Con su cargamento de risas, humor, canto, poesía, teatro breve y danza, las veladas recorrían el país desde la década de 1940. En los confines más remotos del país, después de viajes que duraban varios días con peripecias inolvidables, se presentaban los artistas. La fiesta se organizaba en las iglesias, en las escuelas, en las pistas de baile e incluso, en casas particulares.
Si bien el programa tenía una columna vertebral, un esqueleto básico, permitían a sus protagonistas improvisar dentro de su espíritu de celebración popular. Incluso, no pocas veces subían a los precarios escenarios los lugareños para expresarse a través de su arte.

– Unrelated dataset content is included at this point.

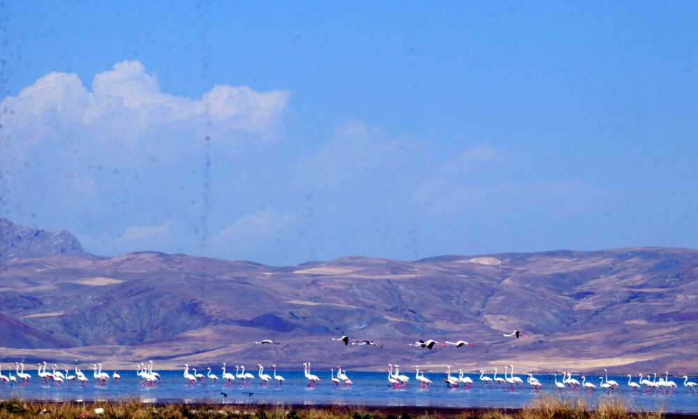 Doğal hayatın bozulmaması ve iklimin müsait olması durumunda flamingoların kasım ayına kadar bölgeyi terk etmeyeceklerini de belirten Prof. Dr. Aslan, “Ilıman bir kış geçirirsek flamingoları yıl boyunca burada görmek mümkün olacak. 253 kuş türü Van Gölü havzasında yaşıyor. Buraya kazlar da geliyor. Zaman zaman kazları ve flamingoları aynı karede görme imkanımız da oluyor. Flamingoları rahatsız etmezsek ve onların yaşam alanlarına girmezsek sayıları da her geçen gün artacaktır” diye konuştu.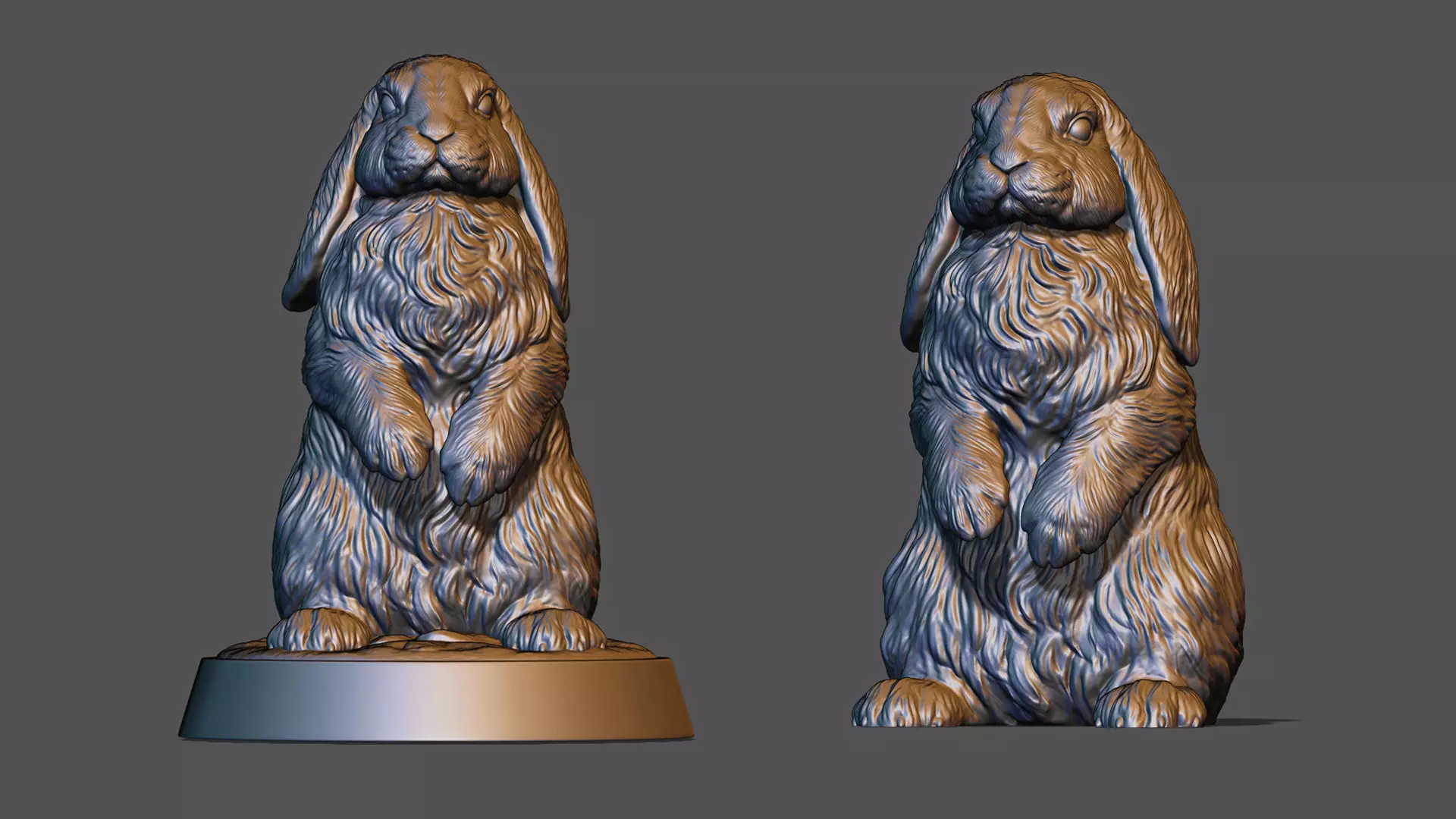 500K STL, OBJ triangulated mesh, Standing Lop Rabbit on the base merged

Sorteando el polvo de los caminos y deteniéndose de pueblo en pueblo, en 1943 un elenco de velada había sentado por unos días sus reales en la andariega Villarrica del Espíritu Santo.

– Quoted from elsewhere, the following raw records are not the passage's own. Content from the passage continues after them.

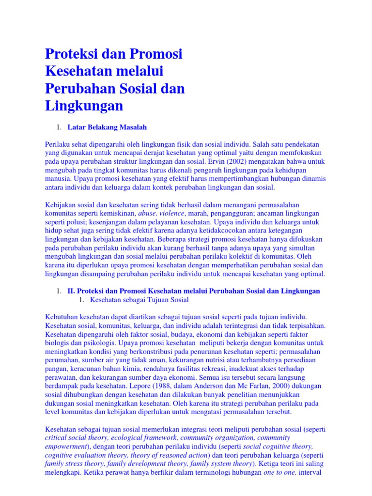Proteksi Dan Promosi Kesehatan Melalui Perubahan Sosial Dan Lingkungan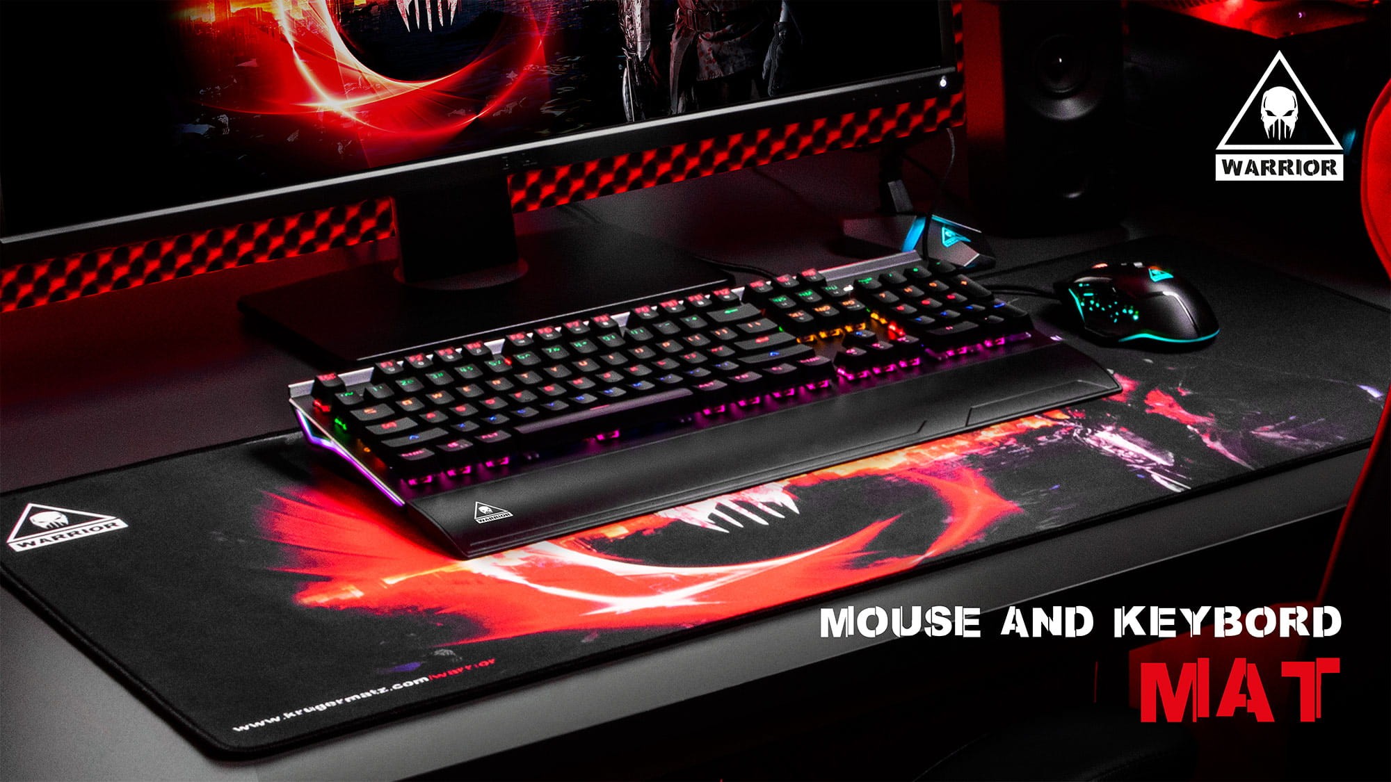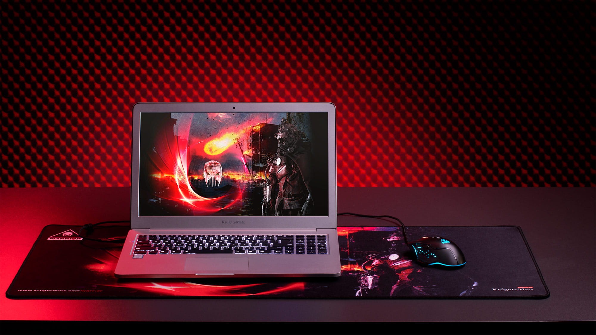 Podkładka pod mysz i klawiaturę Kruger&Matz Warrior wykonana została z multispandexu, czyli specjalnego materiału, który zapewnia graczom pełną kontrolę i płynne sterowanie zarówno myszą optyczną, jak też laserową.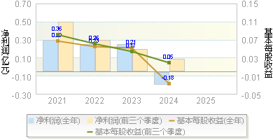 | 净利润 | -0.06 | -0.03 | 0.31 | 0.49 | 0.44 |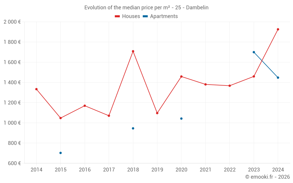 Real estate price map in the municipality of Dambelin, choose a section to see transactions by parcel.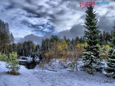 Puzzle Las, Zima, Chmury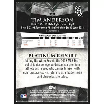 This is a 2014 Bowman Platinum Prospects Tim Anderson baseball card. The card is #BPP98 and pictures show condition.
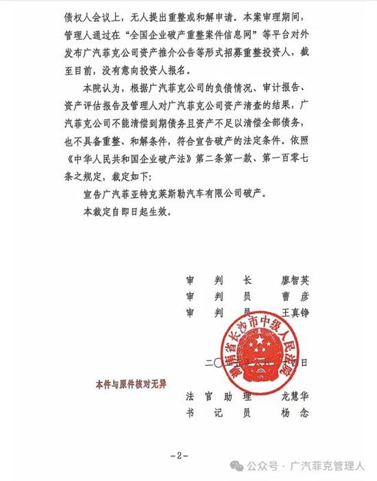 长沙中院《民事裁定书》(2022)湘01破214号-2号文件显示,根据广汽菲克公司的负债情况、审计报告、资产评估报告及管理人对广汽菲克公司资产清查的结果,广汽菲克公司不能清偿到期债务且资产不足以清偿全部债务,也不具备重整、和解条件,符合宣告破产的法定条件。依照《中华人民共和国企业破产法》第二条第一款、第一百零七条之规定,裁定如下:宣告广汽菲亚特克莱斯勒汽车有限公司破产!

El poeta Teodoro Salvador Mongelós —nacido el 9 de noviembre de 1914 en Ypacaraí y fallecido en su exilio de San Pablo, Brasil, el 20 de mayo de 1966—, formaba parte del elenco. En el mismo también estaba el músico y compositor Diosnel Chase que se sentía a sus anchas porque estaba en su tierra. Allí había venido al mundo el 23 de junio de 1904.
En una de las noches de la actuación, Teodoro había visto en medio del público a una joven muy hermosa, deslumbrante. Sobresalía entre todas.
—Nde Diosnel, amo mitakuña pôrâ jajaipa piko máva. Nde oiméne reikuaa hína chupe (Diosnel: quién es aquella joven tan pero tan hermosa. Seguramente le conocés)—, le preguntó el vate a su amigo. Pensó que siendo del lugar, la conocería.
—Chamígo, ndaikuaái, pero jaikuaáta (Amigo, no sé ; pero lo sabremos)—, le respondió el que había aprendido las primeras lecciones de guitarra nada menos que con el caazapeño Carlos Talavera.
Unos diez minutos después del diálogo, Teodoro y Diosnel ya sabían que la espléndida mujer se llamaba Virginia Garcete y que era una maestra normal.
Cuando concluyó la velada, después de los aplausos y las felicitaciones a los artistas, Mongelós se apartó de sus compañeros y se acercó a la que le había encandilado desde el primer instante en que la vio. Como sabía ya que era una docente, extrajo de su galera verbal las palabras que consideró más adecuadas para la ocasión. Verla de cerca, contemplar sus ojos con aromas del Yvytyrusu y escucharla hablar fueron suficientes para que Teodoro quedara prendado de aquella profesora.
Volvieron a Asunción y el poeta escribió los versos de Virginia. En ellos vuelca sus sentimientos, admira sus cualidades y expresa su esperanza con respecto a ella. Posteriormente, el dúo Melga-Chase le puso la música. Y la grabó, para que el nombre de la profesora guaireña se hiciese universal.